Further, a Cu concentration of the ionization suppressing layer 22 is set to be less than 10 atomic percent in order to obtain the ionization suppressing effect of the Cu. If the Cu concentration of the ionization suppressing layer 22 is 10 atomic percent or more, the thermal electrons emitted are consumed by the Cu in the ionization suppressing layer 22, so that the ionization of the Cu leaking from the Cu wiring through the second barrier layer 23 cannot be sufficiently suppressed. Also, the Cu contained in the ionization suppressing layer 22 may leak to the second low dielectric constant insulating layer 17. It is further preferable that the Cu concentration of the ionization suppressing layer 22 is less than 1 atomic percent. Also in view of the above, it is preferable that, among the metal element components constituting the ionization suppressing layer 22, a concentration of the elements with the work functions of less than 3 eV as the simple substances is 90 atomic percent or more.

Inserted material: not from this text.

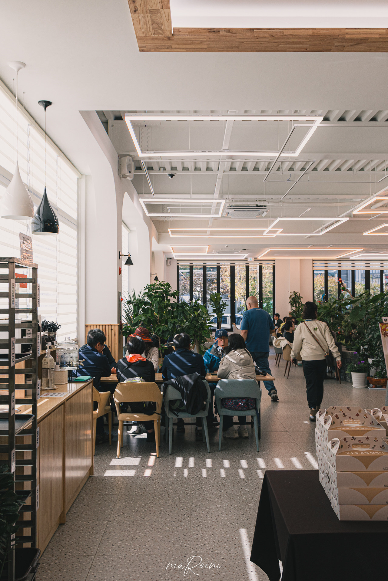 내가 이만한 카페를 보유하고 있고, 갬성쪽으로 소비자들에게 접근한다면 이렇게 창문 옆에 테이블만 잔뜩 배치하는게 아니라, 가운데에 물 웅덩이 하나 만들어놓고, 주변에 화단을 만들어서 사람들이 인테리어에 조금이라도 더 관심을 가지고 집중할 수 있게 만들었을 텐데 여긴 감성보다는 회전율을 더 생각하여 테이블만 잔뜩 배치한 인테리어를 구상한 모양이다. 대형 카페를 많이 다녀봐서 그런가... 조금 아쉽긴 했었음.

The ionization suppressing layer 22 containing the element with the work function of less than 3 eV as the simple substance is only for suppressing the ionization of the Cu leaking through the second barrier layer 23 by thermionic emission, and the effect thereof can be achieved even if it does not have a uniform layer shape. Therefore, the ionization suppressing layer 22 can be a discontinuous film. As just described, the ionization suppressing layer 22 achieves the effect even if it is made partially exist between the via 20 and the second Cu wiring 18, and the second low dielectric constant insulating layer 17. Therefore, a film thickness of the ionization suppressing layer 22 is not specifically limited. However, when it is considered to obtain the ionization suppressing effect of the Cu with good repeatability, it is preferable that the film thickness of the ionization suppressing layer 22 is in a rage of 0.1 to 10 nm as an average film thickness.
Types of usage of the ionization suppressing layer 22 are not limited to a stacked film with the barrier layer 23, but they can include making the element with the work function of less than 3 eV as the simple substance contained in the barrier layer 23, or making the barrier material for Cu stated above contained in the ionization suppressing layer 22. FIG. 2 shows a semiconductor device 10 in which an ionization suppressing layer 24 containing a barrier material for Cu is disposed between a Cu wiring (via 20 and second Cu wiring 18) and a second low dielectric constant insulating layer 17. As just described, also by the ionization suppressing layer 24 containing the barrier material for Cu, the effect of suppressing ionization of Cu can be obtained.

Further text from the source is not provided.